To conclude, mathematical models are useful in all domains. Many applications, starting from furniture to spaceships, can be done using mathematical modeling. It has a huge effect on our lives. Models with mathematics mainly contain equations and theories, which will help solve real-time problems. They are used in engineering and sciences to perform various applications.

A mathematical model is used to maximize output and enhance productivity. Apart from that, we have also discussed everything related to simulations in mathematics and how they differ from models. We have also seen its benefits and flaws. Finally, we have classified mathematical models and explained their subtopics in detail. All this information provided in this article will help the students to obtain full knowledge.

Frequently Asked Questions

1. What does modeling with mathematics mean?

Ans. Modeling with mathematics means that we use math to describe a system and then use that description to predict how the system will behave in the future.

2. What is an example of a math model?

Ans. An example of a math model is the Pythagorean Theorem.
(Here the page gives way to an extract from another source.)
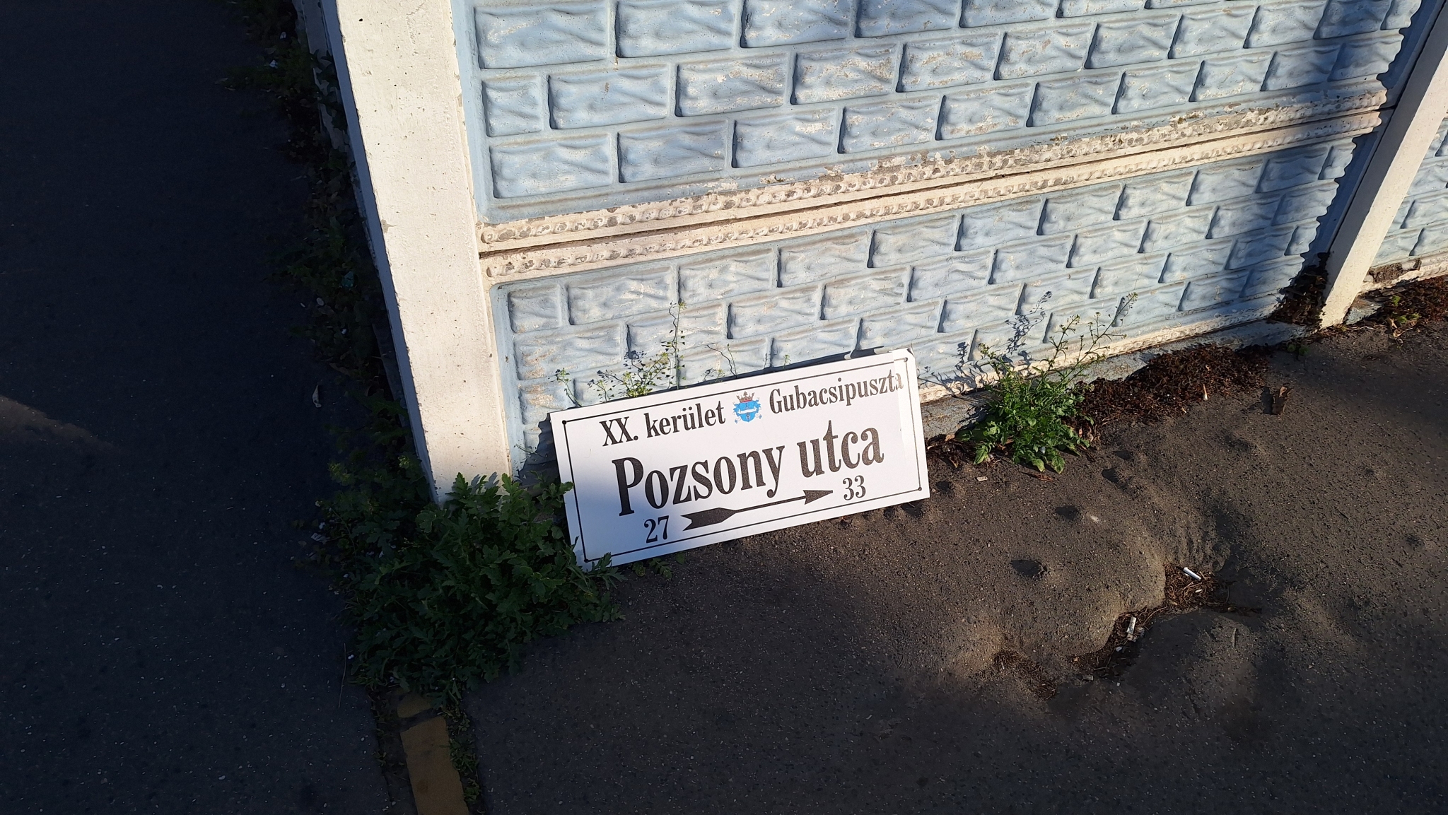 A Lázár és Pozsony utca sarkán a földön hever az egyik utcanévtábla.

It’s a very simple formula that you can use to find the length of any side of a right triangle.

3. What are the types of math models?

Ans. There are many different types of math models, but they can be broken down into three main categories:

-Linear Models

-Non-Linear Models

-Dynamic Models

4. What is a model in math?

Ans. A model in math is a simplified version of a real-world system. It’s meant to help you understand how a system works so that you can predict the future or design solutions for it.

5. What are some examples of mathematical models?

Ans. Some examples of mathematical models include:

Fluid dynamics, which is used to describe the movement of liquids and gases,

The Navier-Stokes equations, which are used to describe the motion of fluids,

The Black-Scholes equation, which describes the behavior of financial markets,

Mathematical Modeling: Definition, Classifications - Turito (2024)

FAQs

Mathematical Modeling: Definition, Classifications - Turito? ›

Mathematical modeling is described as illustrating real-life problems in mathematical terms and expressions. It is usually simplified in the form of equations.

What are the classification of mathematical modelling? ›

Mathematical models are classified in many different ways depending on their developmental programming context, style, and scope, including optimization (linear vs non-linear programming), application (descriptive or elucidative vs predictive or prescriptive), time representation (static or steady-state vs dynamic), ...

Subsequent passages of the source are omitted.